Is Your Older Smartphone OS A Malware Target?
By: Jim Stickley and Tina Davis
October 23, 2019
It’s a good question, and unfortunately for Android users, the answer to whether or not your older Android phone is a malware target is quite simply, “Yes.” It’s all about potentially harmful applications, or PHA. It’s the term Google created for Android malware. Google’s own recently-released research found that Android smartphones running on older OS like KitKat (4.x), Lollipop (5.x), or Marshmallow (6.x) are more likely to download a PHA that goes undetected.

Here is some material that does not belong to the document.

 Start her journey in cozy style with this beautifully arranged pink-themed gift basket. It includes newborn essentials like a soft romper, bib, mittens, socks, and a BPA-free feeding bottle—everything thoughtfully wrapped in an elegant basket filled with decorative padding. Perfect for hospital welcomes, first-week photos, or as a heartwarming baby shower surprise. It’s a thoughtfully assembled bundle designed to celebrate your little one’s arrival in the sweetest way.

The older OS allows more persistent PHAs that also resist removal to gain a stronghold. The research finds that older OS devices are 0.5% likely to have one or more PHAs. Newer Android OS versions like Nougat, Oreo and Pie are more resilient to PHA attacks, making it less likely they will infect a smartphone. Google finds only .25% of newer OS phones are vulnerable to PHAs, half as much as the older OS. The one thing Google relies on for their research is that users download apps directly from Google Play and not sideload apps from unknown sources.

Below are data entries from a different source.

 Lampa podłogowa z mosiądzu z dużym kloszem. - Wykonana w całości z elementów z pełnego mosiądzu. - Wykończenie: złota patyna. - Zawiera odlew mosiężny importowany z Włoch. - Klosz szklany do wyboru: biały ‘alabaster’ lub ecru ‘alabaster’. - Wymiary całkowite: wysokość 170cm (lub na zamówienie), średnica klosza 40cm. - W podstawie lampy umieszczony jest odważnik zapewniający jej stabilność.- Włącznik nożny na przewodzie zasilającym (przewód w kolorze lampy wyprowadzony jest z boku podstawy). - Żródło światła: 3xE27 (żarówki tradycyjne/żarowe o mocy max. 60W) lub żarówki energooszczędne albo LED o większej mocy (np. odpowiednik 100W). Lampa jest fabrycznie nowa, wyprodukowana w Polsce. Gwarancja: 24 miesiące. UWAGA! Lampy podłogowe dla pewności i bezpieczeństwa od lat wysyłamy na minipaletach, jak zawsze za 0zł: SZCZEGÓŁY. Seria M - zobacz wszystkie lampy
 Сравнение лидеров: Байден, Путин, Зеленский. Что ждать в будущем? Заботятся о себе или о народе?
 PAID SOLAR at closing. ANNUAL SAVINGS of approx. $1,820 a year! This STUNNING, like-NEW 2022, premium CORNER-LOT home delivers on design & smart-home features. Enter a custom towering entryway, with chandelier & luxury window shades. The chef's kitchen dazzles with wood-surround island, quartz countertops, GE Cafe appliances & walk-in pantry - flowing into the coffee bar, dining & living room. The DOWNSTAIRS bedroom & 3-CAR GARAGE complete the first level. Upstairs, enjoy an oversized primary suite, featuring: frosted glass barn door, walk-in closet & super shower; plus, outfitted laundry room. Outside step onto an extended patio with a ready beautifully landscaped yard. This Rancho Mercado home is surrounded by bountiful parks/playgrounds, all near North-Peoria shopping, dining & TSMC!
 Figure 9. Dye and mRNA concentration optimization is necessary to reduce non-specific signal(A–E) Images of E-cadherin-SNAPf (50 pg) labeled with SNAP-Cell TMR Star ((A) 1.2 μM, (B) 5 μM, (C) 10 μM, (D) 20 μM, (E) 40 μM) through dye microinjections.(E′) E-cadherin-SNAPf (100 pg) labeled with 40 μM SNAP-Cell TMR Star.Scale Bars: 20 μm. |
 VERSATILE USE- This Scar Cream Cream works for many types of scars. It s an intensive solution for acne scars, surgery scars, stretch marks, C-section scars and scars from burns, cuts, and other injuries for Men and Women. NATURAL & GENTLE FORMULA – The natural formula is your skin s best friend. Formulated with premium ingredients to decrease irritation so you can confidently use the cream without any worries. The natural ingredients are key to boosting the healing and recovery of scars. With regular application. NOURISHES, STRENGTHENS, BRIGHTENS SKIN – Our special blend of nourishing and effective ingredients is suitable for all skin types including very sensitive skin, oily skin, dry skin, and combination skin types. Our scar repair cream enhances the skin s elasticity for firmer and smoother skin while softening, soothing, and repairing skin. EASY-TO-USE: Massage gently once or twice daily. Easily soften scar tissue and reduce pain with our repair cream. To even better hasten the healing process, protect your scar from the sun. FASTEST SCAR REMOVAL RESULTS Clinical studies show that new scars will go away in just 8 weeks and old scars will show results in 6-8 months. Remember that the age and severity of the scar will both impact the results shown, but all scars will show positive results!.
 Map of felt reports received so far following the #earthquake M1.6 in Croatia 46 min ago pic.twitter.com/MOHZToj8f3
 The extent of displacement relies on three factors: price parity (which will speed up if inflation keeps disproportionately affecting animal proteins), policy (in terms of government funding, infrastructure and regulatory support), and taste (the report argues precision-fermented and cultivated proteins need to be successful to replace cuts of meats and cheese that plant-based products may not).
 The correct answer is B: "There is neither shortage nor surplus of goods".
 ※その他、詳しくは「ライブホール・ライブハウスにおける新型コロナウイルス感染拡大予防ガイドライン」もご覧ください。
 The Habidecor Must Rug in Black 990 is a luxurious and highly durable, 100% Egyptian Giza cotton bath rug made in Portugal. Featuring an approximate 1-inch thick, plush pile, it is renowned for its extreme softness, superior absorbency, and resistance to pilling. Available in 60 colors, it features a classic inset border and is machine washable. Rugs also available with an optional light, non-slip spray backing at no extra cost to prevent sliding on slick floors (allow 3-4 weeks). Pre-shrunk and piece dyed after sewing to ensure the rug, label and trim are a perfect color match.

Although Google has difficulty keeping PHAs from infiltrating its Play Store, it still claims there are tangible results and improvements due to a dedication to increasing security for Androids. Of course, all bets are off when users download PHAs from sources other than the Google Play Store. Android users with an older OS who sideload apps from sites other than Google are playing with fire. In fact, Google research finds “Android devices that only download apps from Google Play are 9 times less likely to get a PHA than devices that download apps from other sources.” That number alone should convince users not to sideload apps, no matter what Android OS they are using.
Google admits that in 2017 alone, over 700,000 apps were removed from Play Store because they violated policies about content, and others because they contained malware and engaged in phishing activities. That number of deleted apps was up 70% from 2016, which questions whether Google is getting better at finding PHAs, or the sheer number of PHAs has dramatically increased over time. Regardless of the answer in 2017, in 2018 Google claims they are getting much better at detecting PHAs. Users with older Android OS now have no excuse not to download apps from the Play Store. Even for those with more recent OS, the answer is the same: Don’t sideload and download apps only from the Google Play Store. It’s the best bet to keep your apps legitimate and your smartphone safe.
Also remember that even if you don’t have an Android, it’s always a safer move to get your apps exclusively from the official app stores and never to sideload. Malware, phishing, and other cyber threats do not exclusively affect Android.